*Extracted material:*
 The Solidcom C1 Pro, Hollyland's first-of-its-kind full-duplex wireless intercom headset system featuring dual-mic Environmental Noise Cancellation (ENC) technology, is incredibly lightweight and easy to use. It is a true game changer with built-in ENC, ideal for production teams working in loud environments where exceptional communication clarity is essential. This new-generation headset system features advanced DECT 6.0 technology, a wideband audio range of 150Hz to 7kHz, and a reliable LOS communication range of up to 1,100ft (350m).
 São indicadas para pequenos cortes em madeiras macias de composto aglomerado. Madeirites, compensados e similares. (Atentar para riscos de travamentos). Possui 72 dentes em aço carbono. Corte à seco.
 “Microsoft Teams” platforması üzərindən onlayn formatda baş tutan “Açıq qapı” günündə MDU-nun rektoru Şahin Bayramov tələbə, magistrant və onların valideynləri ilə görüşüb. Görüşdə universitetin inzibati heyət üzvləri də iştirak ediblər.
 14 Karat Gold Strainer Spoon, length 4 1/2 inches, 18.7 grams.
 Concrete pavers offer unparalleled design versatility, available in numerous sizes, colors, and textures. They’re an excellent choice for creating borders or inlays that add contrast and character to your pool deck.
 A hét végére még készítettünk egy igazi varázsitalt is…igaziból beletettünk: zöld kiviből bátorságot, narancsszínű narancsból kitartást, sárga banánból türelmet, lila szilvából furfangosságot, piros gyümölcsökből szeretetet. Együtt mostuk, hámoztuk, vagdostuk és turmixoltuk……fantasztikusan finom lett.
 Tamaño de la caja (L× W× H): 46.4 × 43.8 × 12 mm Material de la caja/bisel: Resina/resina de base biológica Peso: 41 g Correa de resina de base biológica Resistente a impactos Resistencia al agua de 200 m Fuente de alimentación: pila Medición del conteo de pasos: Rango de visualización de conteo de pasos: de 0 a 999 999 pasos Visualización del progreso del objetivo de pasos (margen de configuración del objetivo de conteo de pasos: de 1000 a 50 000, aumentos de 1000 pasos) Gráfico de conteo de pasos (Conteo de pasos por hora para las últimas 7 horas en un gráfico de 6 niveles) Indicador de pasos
...
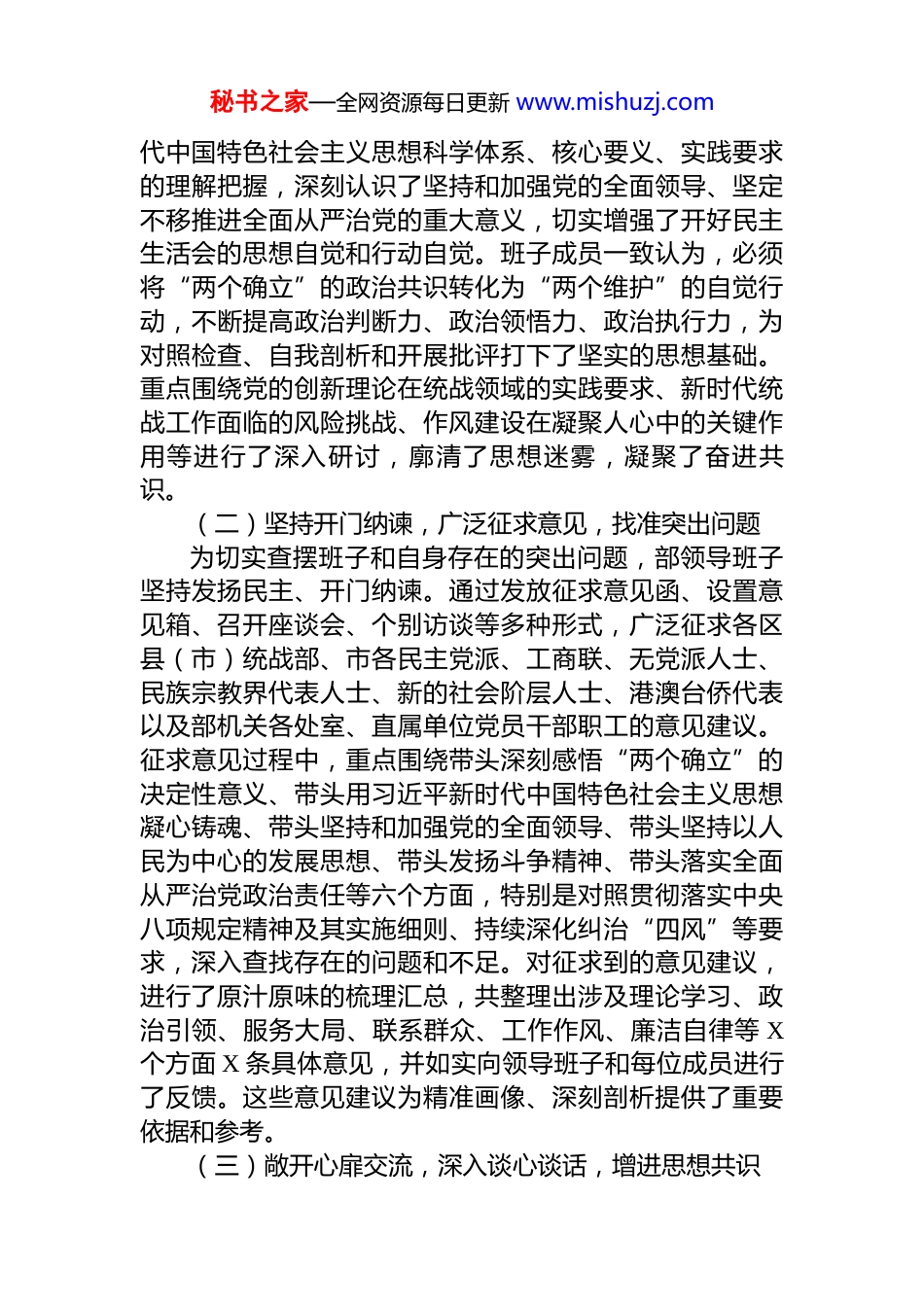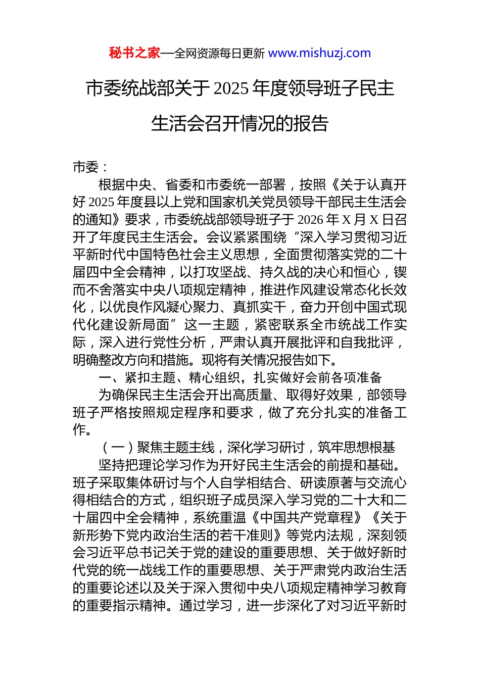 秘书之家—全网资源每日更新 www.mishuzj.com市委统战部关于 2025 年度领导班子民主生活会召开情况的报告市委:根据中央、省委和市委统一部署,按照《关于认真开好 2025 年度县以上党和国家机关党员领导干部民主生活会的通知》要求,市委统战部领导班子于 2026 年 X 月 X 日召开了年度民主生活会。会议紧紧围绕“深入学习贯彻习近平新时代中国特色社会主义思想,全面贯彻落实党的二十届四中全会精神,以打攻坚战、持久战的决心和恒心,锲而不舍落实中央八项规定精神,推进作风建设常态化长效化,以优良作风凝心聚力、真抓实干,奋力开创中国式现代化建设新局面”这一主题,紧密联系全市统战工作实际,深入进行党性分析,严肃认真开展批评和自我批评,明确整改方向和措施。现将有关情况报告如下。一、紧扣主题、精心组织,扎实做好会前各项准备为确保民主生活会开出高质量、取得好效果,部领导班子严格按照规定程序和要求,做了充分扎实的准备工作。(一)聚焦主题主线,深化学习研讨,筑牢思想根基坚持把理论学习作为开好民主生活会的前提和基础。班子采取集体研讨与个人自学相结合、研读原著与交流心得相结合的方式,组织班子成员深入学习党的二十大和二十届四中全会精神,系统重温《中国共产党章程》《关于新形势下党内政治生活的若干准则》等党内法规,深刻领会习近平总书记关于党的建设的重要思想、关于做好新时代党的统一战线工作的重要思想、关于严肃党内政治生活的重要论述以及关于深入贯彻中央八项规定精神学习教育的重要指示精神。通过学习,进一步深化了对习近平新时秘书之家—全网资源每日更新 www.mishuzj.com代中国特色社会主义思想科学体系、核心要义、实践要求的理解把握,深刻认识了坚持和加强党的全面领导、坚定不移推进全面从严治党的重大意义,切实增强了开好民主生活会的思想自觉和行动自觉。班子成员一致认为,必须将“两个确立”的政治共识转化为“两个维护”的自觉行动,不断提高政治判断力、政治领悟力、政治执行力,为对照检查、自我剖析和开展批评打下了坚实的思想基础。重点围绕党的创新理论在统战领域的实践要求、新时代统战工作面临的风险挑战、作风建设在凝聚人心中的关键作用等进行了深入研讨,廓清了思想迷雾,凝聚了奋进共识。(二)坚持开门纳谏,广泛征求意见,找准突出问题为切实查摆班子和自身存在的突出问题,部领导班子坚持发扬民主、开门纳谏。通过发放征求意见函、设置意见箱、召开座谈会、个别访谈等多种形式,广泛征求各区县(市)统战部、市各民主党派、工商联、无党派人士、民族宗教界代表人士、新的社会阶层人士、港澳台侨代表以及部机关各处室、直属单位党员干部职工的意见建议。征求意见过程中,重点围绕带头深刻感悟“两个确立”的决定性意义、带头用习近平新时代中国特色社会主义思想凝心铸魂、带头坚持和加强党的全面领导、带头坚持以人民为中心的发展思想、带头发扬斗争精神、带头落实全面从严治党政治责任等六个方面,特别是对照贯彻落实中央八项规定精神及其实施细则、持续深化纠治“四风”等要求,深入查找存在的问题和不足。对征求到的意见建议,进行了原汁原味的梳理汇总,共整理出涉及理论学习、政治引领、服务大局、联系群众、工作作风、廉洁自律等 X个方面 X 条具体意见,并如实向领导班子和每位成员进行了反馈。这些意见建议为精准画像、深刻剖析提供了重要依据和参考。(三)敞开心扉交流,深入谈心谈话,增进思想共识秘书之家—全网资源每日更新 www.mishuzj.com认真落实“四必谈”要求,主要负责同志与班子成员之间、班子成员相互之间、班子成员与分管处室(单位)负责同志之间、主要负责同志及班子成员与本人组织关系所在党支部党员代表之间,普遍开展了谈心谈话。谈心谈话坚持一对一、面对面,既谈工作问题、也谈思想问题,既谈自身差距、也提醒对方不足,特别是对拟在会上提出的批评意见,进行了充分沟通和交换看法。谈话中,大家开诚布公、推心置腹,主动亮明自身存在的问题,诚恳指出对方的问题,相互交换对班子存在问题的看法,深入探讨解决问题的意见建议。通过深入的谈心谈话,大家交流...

*Task:* Reproduce word for word the material above, starting with the line that has "The Solidcom C1" and stopping after the line that has "14 Karat Gold".

*Exercise solution:*
 The Solidcom C1 Pro, Hollyland's first-of-its-kind full-duplex wireless intercom headset system featuring dual-mic Environmental Noise Cancellation (ENC) technology, is incredibly lightweight and easy to use. It is a true game changer with built-in ENC, ideal for production teams working in loud environments where exceptional communication clarity is essential. This new-generation headset system features advanced DECT 6.0 technology, a wideband audio range of 150Hz to 7kHz, and a reliable LOS communication range of up to 1,100ft (350m).
 São indicadas para pequenos cortes em madeiras macias de composto aglomerado. Madeirites, compensados e similares. (Atentar para riscos de travamentos). Possui 72 dentes em aço carbono. Corte à seco.
 “Microsoft Teams” platforması üzərindən onlayn formatda baş tutan “Açıq qapı” günündə MDU-nun rektoru Şahin Bayramov tələbə, magistrant və onların valideynləri ilə görüşüb. Görüşdə universitetin inzibati heyət üzvləri də iştirak ediblər.
 14 Karat Gold Strainer Spoon, length 4 1/2 inches, 18.7 grams.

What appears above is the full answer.